■ **REQUIRED ACTION**
For the data that follows, print the line with "キャベッジ 8(左) 中山 礼都", the line with "Se vende hoverboard", and all lines between them, exactly as they stand. Omit pictures and add nothing.

(DATASET RECORDS)

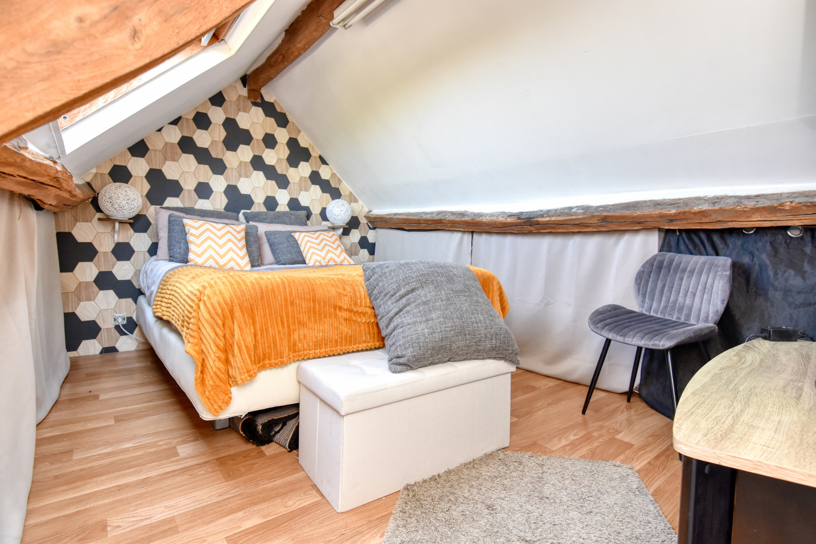 - Au 3ème : Une chambre mansardée (de 13m2 au sol).
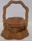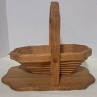 This handcrafted wooden basket is perfect for storing fruits, vegetables, and other items. The basket features a collapsible and folding handle for easy storage and transportation. The natural finish adds to its modern style and charm. Measuring 11 inches in length, 9 inches in height, and 8 inches in width, this medium-sized basket is perfect for any room in your home. Its weave pattern and rectangle shape make it a unique and beautiful addition to your home decor. The basket is an original piece, manufactured in 1970 and is perfect for collectors or as a decorative item.
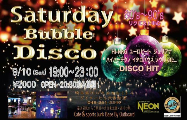 Saturday Bubble DISCO ★80's〜90's DISCO Lovers★ 【日時】9月10日 土曜日 19:00〜23:00! 【料金】2000円 ※open〜20:30まで!飲み放題! 【選曲】80's〜90's DISCO HIT! 【場所】西川口 Cafe&sports Junk Base By Outboard HIーNRG.イタロハウス.ユーロビート.ジュリアナ.ハイパーテクノ.ソウルetc・・・80's〜90's DISCOで流れていたあの当時のナンバーをリクエスト中心にON Air! し・か・も open〜20:30は飲み放題‼ 飲んで、踊って、聴いて、HAPPYなSaturday Nightをお届けします。 スタッフ一同!お越しをお待ちしてます
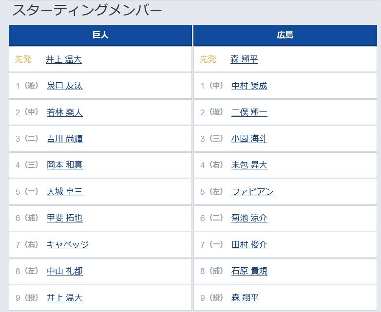【巨人対広島4回戦】7(右) キャベッジ 8(左) 中山 礼都
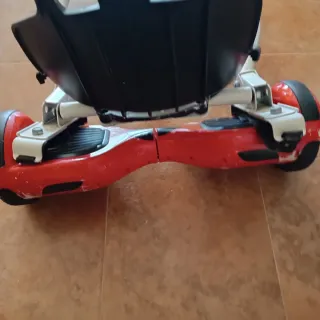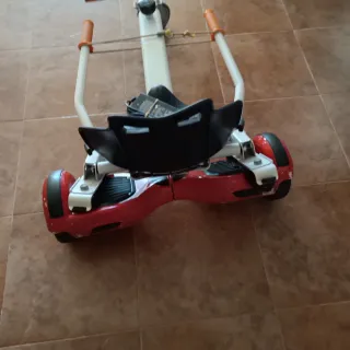 Se vende hoverboard con accesorio de asiento y su cargador. - Hoverboard con ruedas rojas y negras. - Asiento negro con manillar naranja. - Incluye cargador. Precio económico lo que costó el accesorio . No envío recojer por peso.
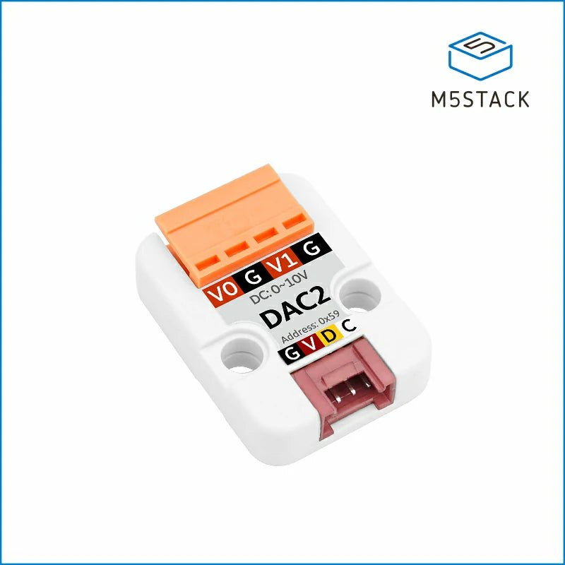 DAC2 Unit is an I2C digital-to-analog signal conversion unit. It utilizes the GP8413 solution, which provides high precision and accuracy in its performance. This chip can linearly convert a 15-bit digital value into two independent analog voltages of 0-5V or 0-10V. The output voltage error is only 0.2%, and it achieves linearity of up to 0.01%.

(End DATASET RECORDS)

■ **ANSWER TO THIS TASK**
【巨人対広島4回戦】7(右) キャベッジ 8(左) 中山 礼都
 Se vende hoverboard con accesorio de asiento y su cargador. - Hoverboard con ruedas rojas y negras. - Asiento negro con manillar naranja. - Incluye cargador. Precio económico lo que costó el accesorio . No envío recojer por peso.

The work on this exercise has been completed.